壱 桜の香りとあのひとの影
慣れず、疎い文章ですがお許しください。
グロテスクな表現等を含みます。
本文中に、学生戦争ったー、学生戦争の内容を含みます。
腹を裂き、骨を断ち切り、幾人もの人間を殺してきた悪魔。そんなものに幸福など訪れるのだろうか。
とある場所に存在するその学園は、軍隊養成に長けていたという。
若い子供同士で殺し合いをするなどあり得ない話かもしれないが、これは紛れもない事実、現実である。
赤、白、黒の三勢力に分かれた学生らは今日もどこかで地に這い蹲り、自らの温度を忘れていく。
黒軍の勢力が急激に拡大されていく中、白軍の私達は寝る暇も惜しんで戦った。
私は戦った。戦いながら、いつか私に微笑みを向けてくれた、優しいあのひとを探しているのだ。いくら空腹がこたえようと、血に塗れた私は抜いた剣を離さなかった。敵の心臓を貫き、刺さったその剣を抜き、もう一度突き刺した。飛び散る赤黒い肉片のようなものは、何故かあのひとを思い出させた。

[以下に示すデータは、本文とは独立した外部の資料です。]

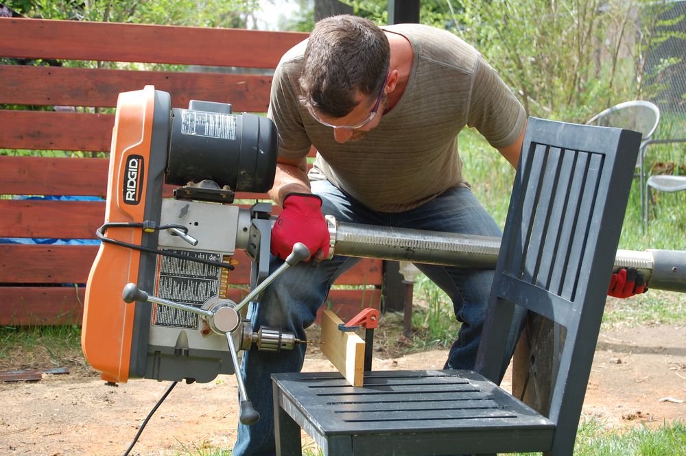 Then when things get really tough, I use the drill press. I have a Ridgid 15″ machine, which is the largest one I could find. With this thing, I can drill 50 half-inch holes through half-inch steel plate without breaking a sweat. On the downside, it weighs 163 pounds.
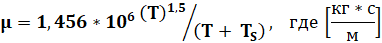 μ0 = 17.894 10-6, Па·с – динамическая вязкость
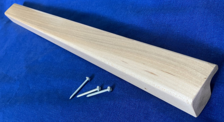 The Shuttle Race is a piece of shaped wood that wraps around the lower Beater Batten (ie the Batten Sley) to provide a flat surface that extends out toward the weaver and sits below the warp threads to support the boat shuttle as it travels through the shed. It is angled to provide a level surface when the beater is pushed towards the castle.
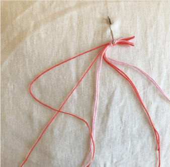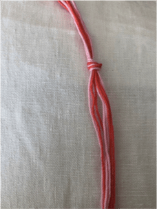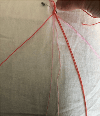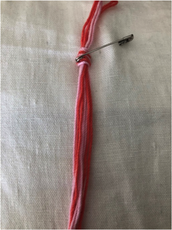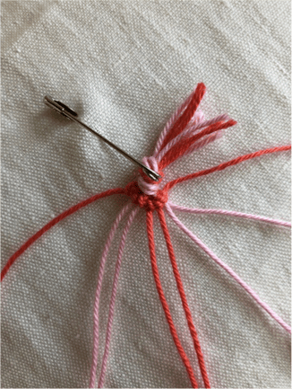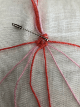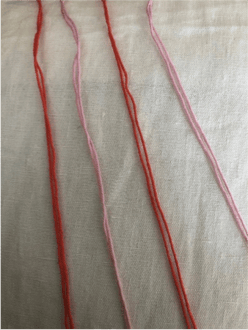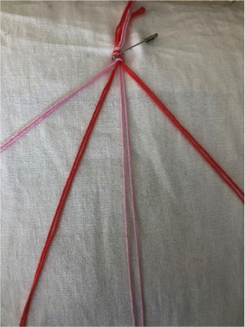 Schneide von jeder Garnfarbe 4 ca. 80cm lange Stränge ab und sortiere sie wie auf dem Bild.
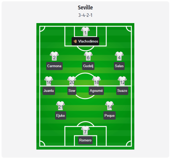 In the half-spaces, Ejuke and Peque could operate around Romero, giving Sevilla plenty of speed on the counterattack. Adams, Ejuke, and Sow are back, but the absences continue to hurt: Marcão is serving a six-game La Liga suspension, and Azpilicueta and Nianzou are also out, so Gudelj will likely have to shore up the back three. Further up front, Sánchez, Vargas, Januzaj, and Alfon are still missing, and Mendy is suspended, leaving Adams as the most likely option to make an impact later on.

あぁ、今日もほの明るい月は、慈しむように、憐れむように、まだ蕾の桜を淡く照らしている。
度重なる戦いで疲れ切った私に、追い打ちをかけるような出来事があった。
木枯らしの後のような頭をした、いかにも上等な物ばかり食べていそうな中年男、私の上官の待つ部屋は、妙にしんとしていて気味が悪くて。早く帰りたいと、そう強く思った。
「…白軍一般部隊一年、月夜見栞桜。参上致しました」
普段から意地っ張りで冷淡だと噂の私が滅多に使わないようなハキハキとした口ぶりで名を名乗ると、上官はにぃ、と口角を上げいやらしい笑みを見せた。

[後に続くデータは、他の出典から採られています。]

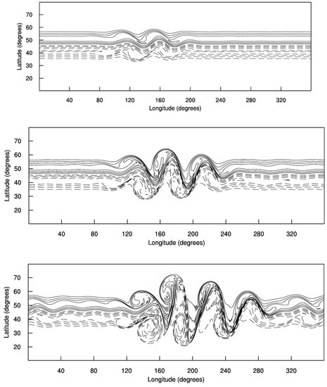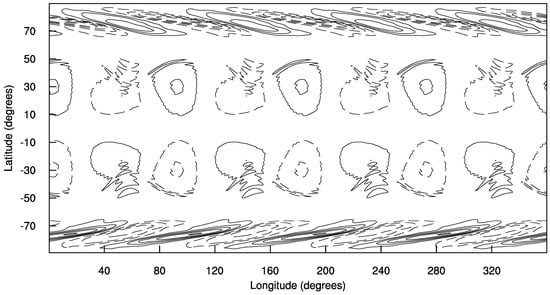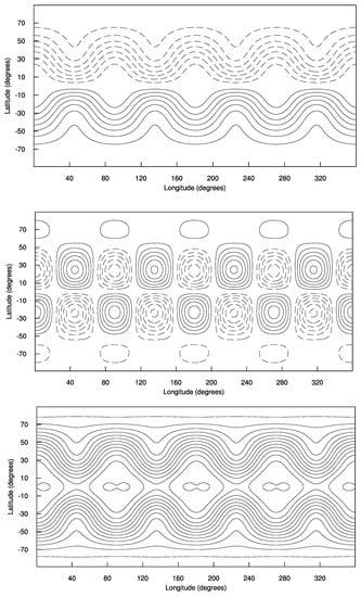 A mean constant height, m, was added to the solution of (40) so that the mean average height was around 10 km, as suggested by Galewsky et al. []. All the partial derivatives were treated as a Cartesian coordinate of instead of a spherical coordinate.
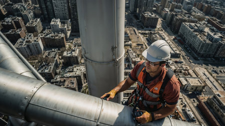 panoramic view of skyscrapers with scaffolding and construction workers visible, created with generative ai
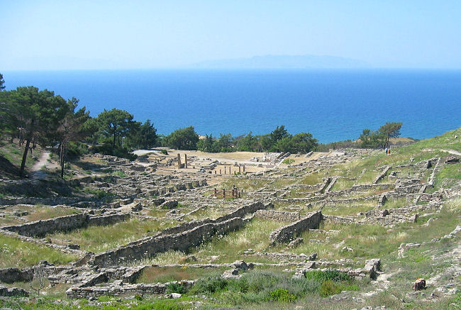 Der nächste planmäßige Stopp ist in Kámiros, dort sind die Ruinen des kleinsten der drei antiken Stadtstaaten der Insel zu besichtigen. Stapfen gegen 15:30 los und bestaunen Mauerreste und Tempelfragmente. Steigen hügelan und können von dort oben wieder über das weite Meer blicken.
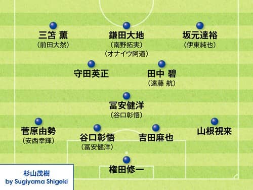 FW/三笘薫(前田大然)、鎌田大地(南野拓実、オナイウ阿道)、坂元達裕(伊東純也)
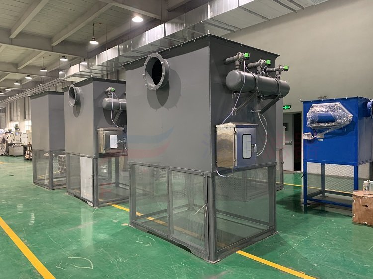 由控制系統(tǒng)發(fā)出指令,電磁閥啟動(dòng),瞬間釋放一股壓力為0.4~0.8MPa脈沖氣流,經(jīng)專(zhuān)用噴頭整流噴出,文氏管卷吸、密封、膨脹,從濾筒內(nèi)部均勻向外沖出,將積聚在濾桶外表的粉塵吹落。此時(shí)一組過(guò)濾筒自潔過(guò)程完成,其它過(guò)濾筒照常工作,以此輪流循環(huán)自潔。

それから何事もなかったかのように上官は真っ直ぐとこちらを向いて、冷淡な口吻で
「君に頼みたいことがあるのだよ」
と言ったのだ。
嫌な予感しかしない。この上官はいつも若い女に意地の悪い事ばかり言うのだと聞いているからだ。
「…して、ご用件は?」
「君には、一般部隊から外れてもらう」
これにはさすがの私も驚いた。誰より本気で戦い、前線で鮮血を雨のように浴びてきたというのに、この上官サマは何が不満なのだろうか。如何なるときも決して退かず、敵軍には狂気の夜桜とまで呼ばれた私の何がいけなかったのだろうか。

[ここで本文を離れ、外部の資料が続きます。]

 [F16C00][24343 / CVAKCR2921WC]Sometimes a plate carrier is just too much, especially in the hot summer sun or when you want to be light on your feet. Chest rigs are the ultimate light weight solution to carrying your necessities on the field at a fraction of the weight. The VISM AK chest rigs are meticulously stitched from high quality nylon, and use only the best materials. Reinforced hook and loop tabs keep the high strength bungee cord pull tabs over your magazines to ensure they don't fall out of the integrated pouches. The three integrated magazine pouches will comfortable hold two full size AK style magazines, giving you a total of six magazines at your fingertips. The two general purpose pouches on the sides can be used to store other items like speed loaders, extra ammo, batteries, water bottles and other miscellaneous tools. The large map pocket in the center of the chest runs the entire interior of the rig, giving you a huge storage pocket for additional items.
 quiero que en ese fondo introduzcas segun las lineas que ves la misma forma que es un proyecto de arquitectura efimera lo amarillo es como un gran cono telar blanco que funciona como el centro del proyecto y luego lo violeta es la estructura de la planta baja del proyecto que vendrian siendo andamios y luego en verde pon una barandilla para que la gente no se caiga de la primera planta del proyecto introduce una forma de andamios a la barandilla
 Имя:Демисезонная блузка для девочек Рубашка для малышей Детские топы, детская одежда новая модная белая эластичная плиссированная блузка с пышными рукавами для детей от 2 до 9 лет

もし前線から離れてしまったのならば、私は永遠にあのひとと会えないような気がした。ここにいれば血の匂いを嗅ぎ分けて、あのひとは私を見つけてくれる。どうしても一般部隊に、前線に残りたいと思った。
「そんな、横暴です…!どうして、でしょうか!」
思わず息を荒げる私をあやすかのような目をして、上官は
「白軍一般部隊一年月夜見栞桜、同軍暗殺部隊へと異動することを命ずる」
と、そのいやらしい笑みを崩さないまま言い放ったのだ。